Question

One solution to the differential equation: \[y''-2\tan(x) \ y' -y=0 \ is \ y=\frac{ 1 }{ \cos x }\] Find another solution of the equation such that the two solutions form a fundamental set of solutions

Answer 1

Got an A in Diff Eq in the fall, can't remember anything about it now :(

Answer 2

I believe this is a problem addressing reduction of order isn't it @Wislar ?

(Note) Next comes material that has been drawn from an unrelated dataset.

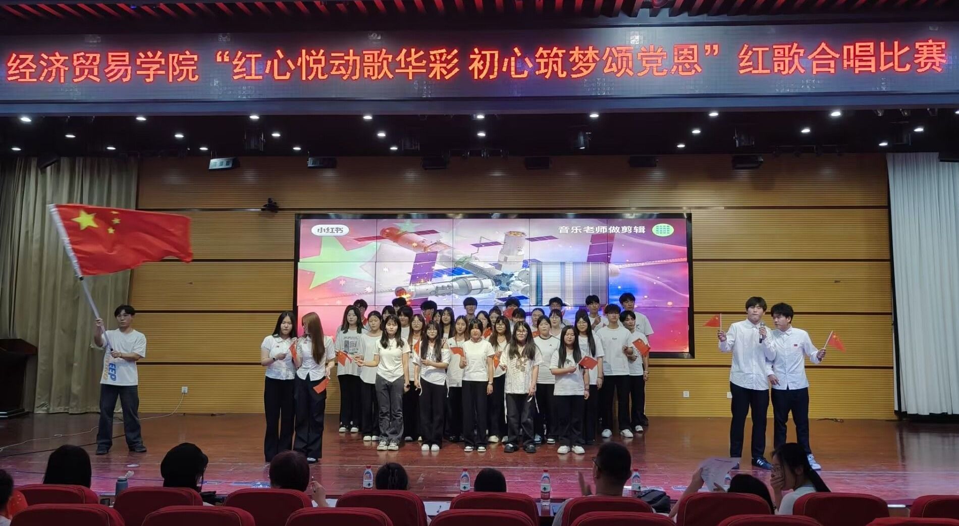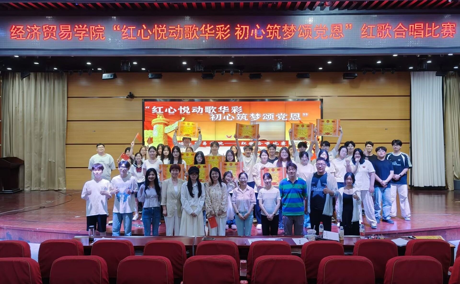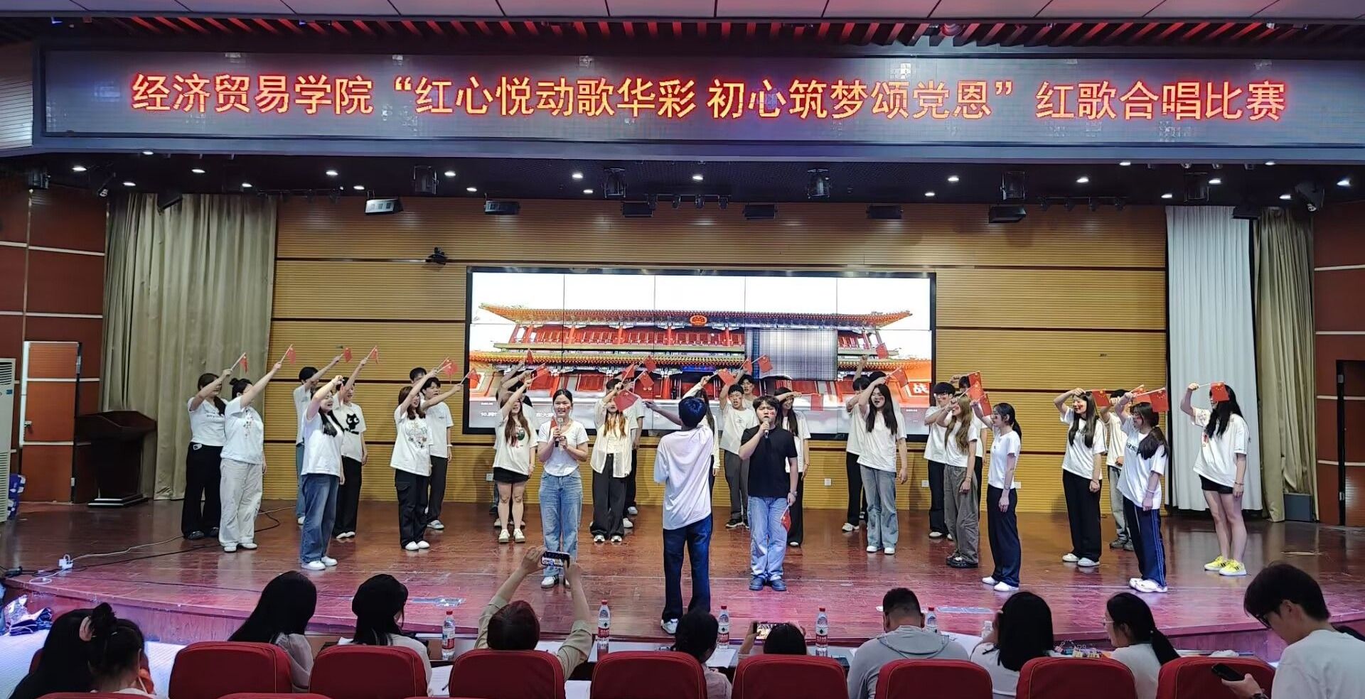 为弘扬伟大建党精神,用经典旋律重温光辉历程、唱响爱党主旋律,展现青年学子团结奋进、担当有为的时代风貌。6月5日晚,经济贸易学院“红心悦动歌华彩 初心筑梦颂党恩”主题红歌合唱比赛在学院学术报告厅隆重举行。学院各班级代表队400余名师生齐聚一堂,以嘹亮歌声唱响时代强音。

I believe you want to start with setting:
\[\Large y=\frac{c(x)}{\cos x} \]

Answer 3

I'm sure you could do it that way, but taking the derivatives like that would take awhile. Isn't there a way to do this with Able's formula?

Answer 4

Using Abel's Formula, let \(y_2\) be the solution you're looking for. Then you set up the following equation:
\[\large W(\sec x,y_2)=Ce^{-\int (-2\tan x)~dx}\]
Which is the same as
\[\large\begin{vmatrix}\sec x&y_2\\\sec x\tan x&y_2'\end{vmatrix}=Ce^{2\int \tan x~dx}\]
Solving for \(y_2\) gives a solution in the form @Spacelimbus mentioned.

Answer 5

I tried solving it using reduction of order, but I couldn't get that to work out

Answer 6

\[y=\frac{ v }{ \cos x } \\ \\ y'=\frac{ v' \cos x +v \sin x }{ \cos ^{2}x } \\ y''=\frac{ v''\cos ^{3}x +vcos ^{3}x+2\cos ^{2}x \sin x v' + 2vcosx \sin ^{2}x }{ \cos ^{4}x }\]

Answer 7

Have you tried the method I used? It seems to work out, and I've checked the answer with WolframAlpha

Answer 8

I did try your method too and it is actually much easier than reduction of order, but I got C/cosx with yours too and that is the same thing as the current solution.

Answer 9

Evaluating the Wronskian in my last equation gives you
\[\large\sec x~y_2'-\sec x\tan x~y_2=Ce^{-2\ln|{\cos x}|}\\
\large\sec x~y_2'-\sec x\tan x~y_2=C\left(e^{\ln|{\cos x}|}\right)^{-2}\\
\large\sec x~y_2'-\sec x\tan x~y_2=C\left(\cos x\right)^{-2}\\
\large\sec x~y_2'-\sec x\tan x~y_2=C\sec^2x\\
\large \cos x~y_2'-\sin x~y_2=C\]
Note that the LHS is the result of a differentiation of a product:
\[\large \color{red}{\cos x~y_2'-\sin x~y_2}=C\\
\large \color{red}{\frac{d}{dx}\left[\cos x~y_2\right]}=C\]
Integrating both sides, you get
\[\large\cos x~y_2=Cx\\
\large y=\frac{Cx}{\cos x}\]

Answer 10

I see what happened. I forgot to integrate the C. Thank you so much!

Answer 11

You're welcome!